Romantic or sexual letters
There might be some letters which feel flirtatious or sexual. Your safety and comfort are your own, so if you’re okay with sexy letters, keep writing them! If you aren’t, please respond respectfully and firmly to your penpal.
Ten Quick Tips
Things to include in your first letter...
How you found out about this person: “I learned about you through SWOP Behind Bars.”
Your Boundaries/Your Capacity: It’s 100% okay to only be able to write a one-time support letter, or write once/month. You don’t have to send the person you are writing books or add money to their commissary. But it’s super important to clarify this in your letter! Some ways to phrase this:
One-Time Letter “I’m at [event]. Just wanted to drop you a quick, cheerful note. You rock & I’m rooting for you!”
[For letter-exchange] “My financial capacity is really limited, but I’d love to [correspond with you & get to know you better / or clarify your $$ boundaries] “I don’t want to set unclear expectations, I’m fairly busy, but am definitely able to write on a monthly basis”
A bit about yourself! You’ll include more in a letter that is intended to be an ongoing pen-pal exchange, but even if you’re just sending a support letter, people like to know a bit about who the letter is coming from! Some things might be - age, job, an experience that connects you, a random fact, and/or one or two activities/hobbies.

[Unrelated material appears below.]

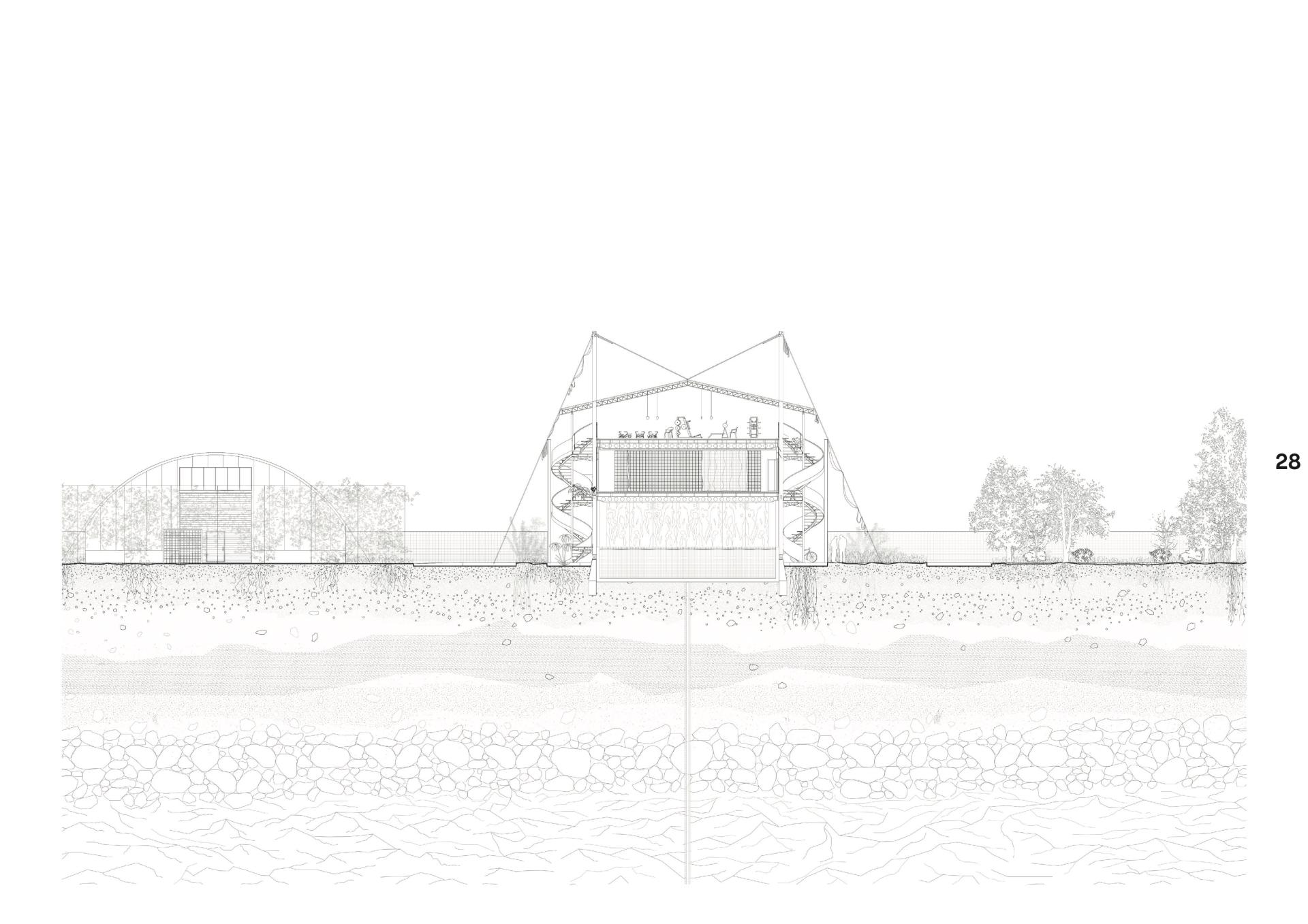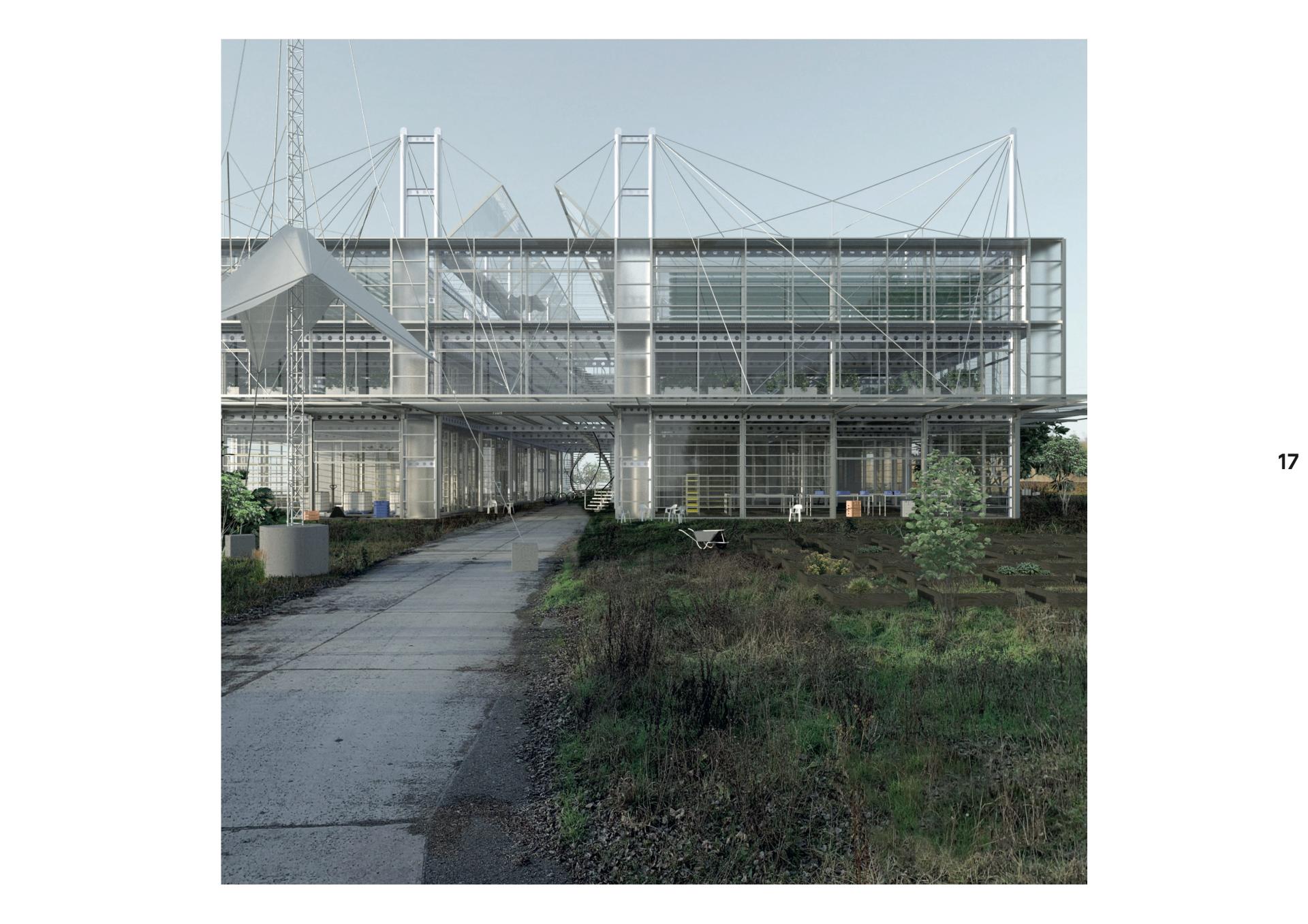 A new form of continuous spatial production, energy supply, food production, residing, working and living, research and renaturation will be proposed for a formerly industrially used site in Berlin Rummelsburg with the aim of initiating the development of a social and ecological life practice. According to the vegetation, different areas are defined, which describe the future relationship between man and nature and an appropriate treatment of soil and vegetation. Areas of renaturation where man takes deliberate targeted measures to support nature in the process of wildness, areas of cultivated nature, research beds that analyze and evaluate the cultivation of plants under different conditions, and areas where contaminated soils are detoxified and renaturated through remediation measures. Existing tanks, originally used as water reservoirs, are being converted into the site's energy center. Through solar cells, biogas plants operated in cooperation with the municipal waste disposal, a combined heat and power plant and water tanks, a decentralized energy supply model is proposed that will make the surrounding area mostly independent of large energy suppliers. The Bioshelter, a residential building for about 200 people, proposes a productive, climate-active form of housing in which human and natural habitats overlap. The algae farm interconnects production cycles of aquaponics, algae production, and a server farm in a way that allows for resource-efficient year-round production. The Movement House transforms an existing industrial building into an infrastructure that stimulates and enables formal and informal movement among residents. The research station collects data on the state of the ecosystem, analyzes, evaluates, experiments, tries and maintains. The residents of the area become gardeners of their shared livelihood - people are involved in multiple ways in the processes that contribute to the preservation of the constructed ecosystem.

PICTURES ARE APPRECIATED - the prisoners love to be able to “see” who they are writing to. No naked pictures or pornography. Prisoners LOVE to get picture postcards of your travels so don’t hesitate to send postcards from vacations or trips. Don’t forget to include the return address!
A personalized touch! You can add a doodle or a handwritten p.s. Why? Because everything in prison is standardised, typed, and institutional, and a personal touch means a ton!
Do not forward letters they send you to mail to other people. Especially to other people in prison. THIS IS ILLEGAL. This could get your mail denied permanently and could cause your pen pal to get punished and could even result in additional charges against them and against you.
They may ask you to get pictures from their facebook pages and print them out and send them to them. This is fine. Just be sure the pictures are of them or their family members. They may use pictures of themselves to send to other pen pals.
They may ask you to contact loved ones that are not in prison. Use your own discretion when doing this.
PLEASE DO NOT SEND POLAROID PICTURES
*DO NOT offer someone a job in something that is criminalized or offer to let someone use your space, rent your space, help someone create a website, learn how to advertise, work with someone, or learn how to engage in sex work or find or sell drugs.
DON'T give specific advice about where to work/how to work/how to evade law enforcement/how to make (more)money doing something illegal.
DON'T forward letters they send to you to send to other people.